Roland was by no means pleased at what seemed to him a distinct case of interference. It arrived, too, at a most inopportune moment, for he had been just then wondering whether he ought not to forget about his high-minded resolves and try to make it up with April. His mother's inquiries, however, decided him. He was not going to have others arranging that sort of thing for him. "And for all I know," he said to himself, "Mrs Curtis may be at the back of this. I shan't go round there again these holidays." And this was the more unfortunate, because if the intimacy between Roland and April had been resumed, it is more than likely that Roland, at the beginning of the summer term, would have decided to give up Dolly altogether. Both he and Brewster were a little tired of it; the first interest had passed, and they had actually discussed the wisdom of dropping the whole business.

"After all," said Brewster, "it can't go on for ever. It'll have to stop some time, and next term we shall both be fairly high in the school, house prefects and all that, and we shall have to be pretty careful what we do."

Roland was inclined to agree with him, but his curiosity was still awake.

"It's not so easy to break a thing like this. Let's wait till the end of the term. The summer holidays are a long time, and by the time we come back they'll very likely have picked up someone else."

"All right," said Brewster, "I don't mind. And it does add an interest to things."

And so the affair went on smoothly and comfortably, a pleasant interlude among the many good gifts of a summer term—cricket and swimming and the long, lazy evenings. Nothing, indeed, occurred to ruffle thecomplete happiness of Roland's life, till one Monday morning during break Brewster came running across to the School house studies with the disastrous news that his house master had found out all about it. It had happened thus:

On the previous Saturday Roland had sent up a note in break altering the time of an appointment. It was the morning of a school match and Brewster received the note on his way down to the field. He was a little late, and as soon as he had read the note he shoved it into his pocket and thought no more about it. During the afternoon he slipped, trying to bring off a one-handed catch in the slips, and tore the knee of his trousers. The game ended late and he had only just time to change and take his trousers round to the matron to be mended before lock-up. In the right-hand pocket the matron discovered Roland's note, and, judging its contents singular, placed it before Mr Carus Evans.

As Roland walked back with Brewster from the tuck-shop a small boy ran up to tell him that Mr Carus Evans would like to see him directly after lunch.

Roland was quite calm as he walked up the hill three hours later. One is only frightened when one is uncertain of one's fate. When a big row is on, in which one may possibly be implicated, one endures agonies, wondering whether or not one will be found out. But when it is settled, when one is found out, what is there to do? One must let things take their course; nothing can alter it. There is no need for fret or fever. Roland was able to consider his position with detached interest.

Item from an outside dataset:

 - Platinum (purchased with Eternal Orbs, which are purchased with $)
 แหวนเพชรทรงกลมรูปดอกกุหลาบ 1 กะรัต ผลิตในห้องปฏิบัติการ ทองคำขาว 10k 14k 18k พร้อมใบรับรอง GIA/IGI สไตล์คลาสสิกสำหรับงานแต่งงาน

He had been a fool to send that note. Notes always got lost or dropped and the wrong people picked them up. How many fellows had not got themselves bunked that way, notes and confirmation? They were the two great menaces, the two hidden rocks. Probably confirmation was the more dangerous. On the whole, more fellows had got the sack through confirmation, but notes were not much better. What an ass he had been. He would never send a note again, never; heswore it to himself, and then reflected a little dismally that he might very likely never have the opportunity.

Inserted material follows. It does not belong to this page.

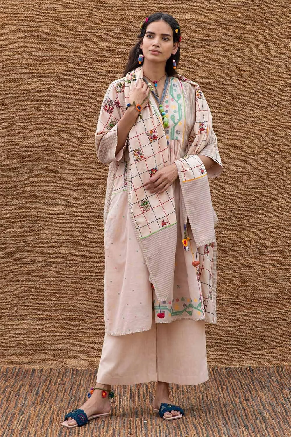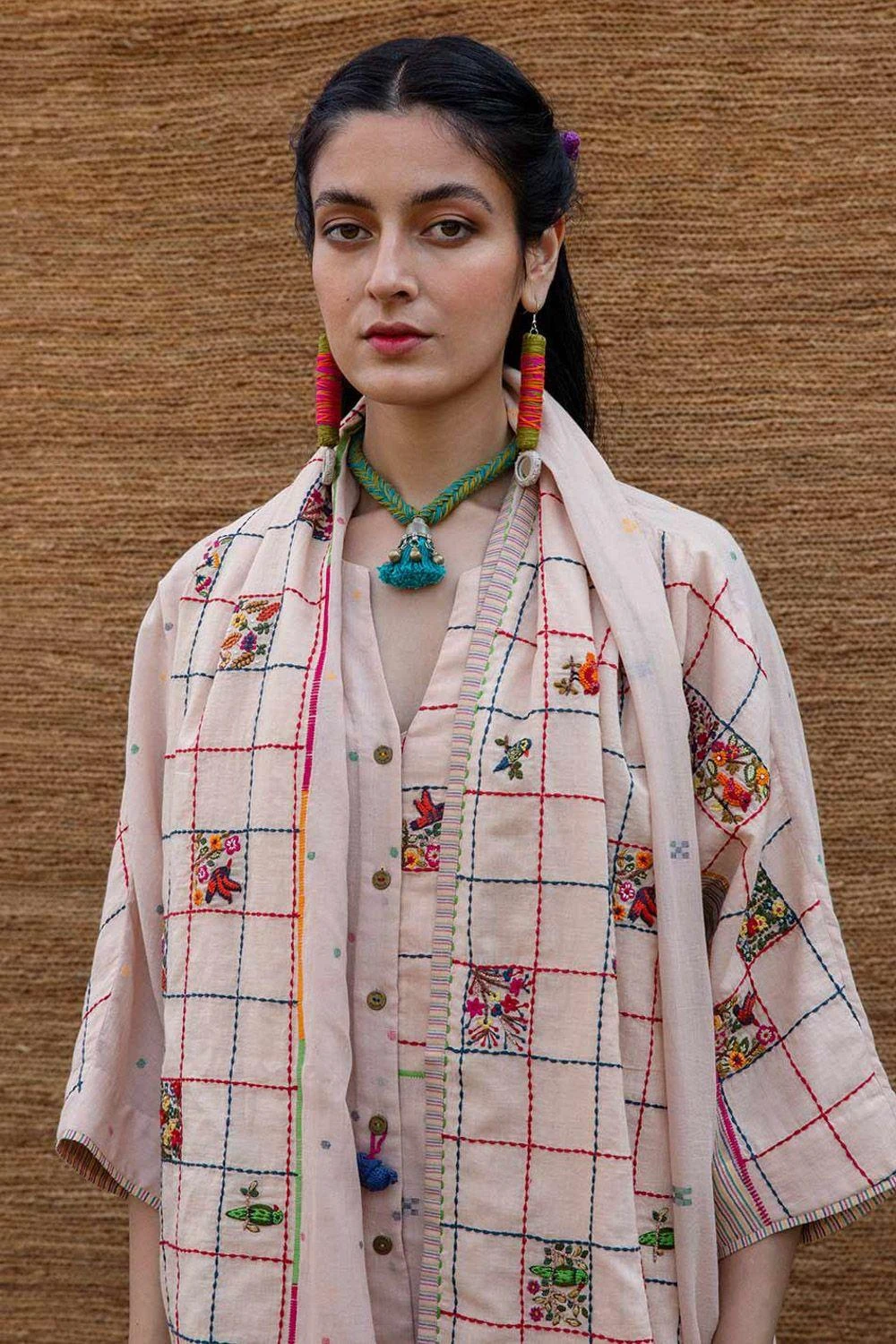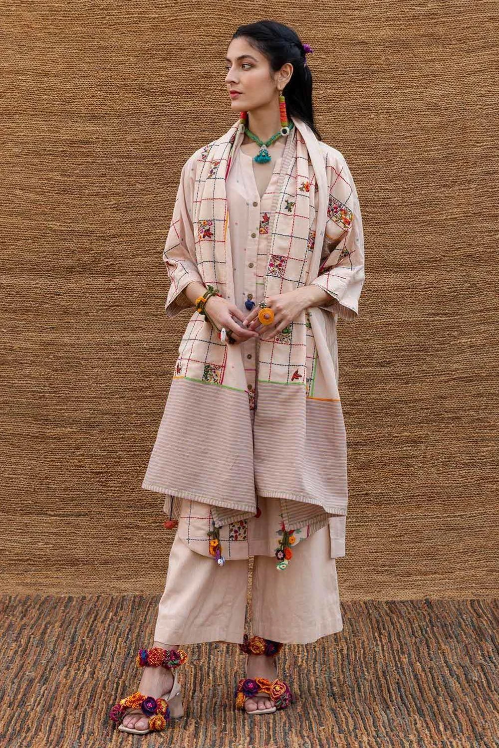 This pink patchwork stole is crafted in jamdani muslin with intricate embroidery inspired by spring flowers & birds. You can wrap it around your neck with a coordinating kurta set for a dressed up look.

Still, that was rather a gloomy view to take. And he stood more chance with Carus Evans than he would have done with any other master. Carus Evans had always hated him, and because he hated him would be desperately anxious to treat him fairly. As a result he would be sure to underpunish him. It is always safer to have a big row with a master who dislikes you than with one who is your friend. And from this reflection Roland drew what comfort he might.

Mr Carus Evans sat writing at his desk when Roland came in. He looked up and then went on with his letter. It was an attempt to make Roland feel uncomfortable and to place him at the start at a disadvantage. It was a characteristic action, for Carus Evans was a weak man. His house was probably the slackest in the school. It had no one in the XV., Brewster was its sole representative in the XI. and it did not possess one school prefect. This should not have been, for Carus Evans was a bachelor and all his energies were available. He had no second interest to attract him, but he was weak when he should have been strong; he chose the wrong prefects and placed too much confidence in them. He was not a natural leader.

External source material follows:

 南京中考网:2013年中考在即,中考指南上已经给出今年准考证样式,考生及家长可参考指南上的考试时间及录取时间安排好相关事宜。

For a good two minutes he went on writing, then put down his pen.

"Ah, yes, yes, Whately. Sit down, will you? Now then, I've been talking to one of the boys in my house and it seems that you and he have been going out together and meeting some girls in the town. Is that so?"

"Yes, sir."

"And the suggestion came from you, I gather?"

"Yes, sir."

"This is a very serious thing, Whately. I suppose you realise that?"

"I suppose so, sir."

"Of course it is, and especially so for a boy in your position. Now, I don't know what attitude theheadmaster will adopt, but of this I am quite certain. A great deal will depend on whether you tell me the truth. I shall know if you tell me a lie. You've got to tell me the whole story. Now, how did this thing start?"

"On the first night of the Christmas term, sir."

"How?"

"I met them at a dance in the pageant grounds."

"The pageant grounds are out of bounds. You ought to know that."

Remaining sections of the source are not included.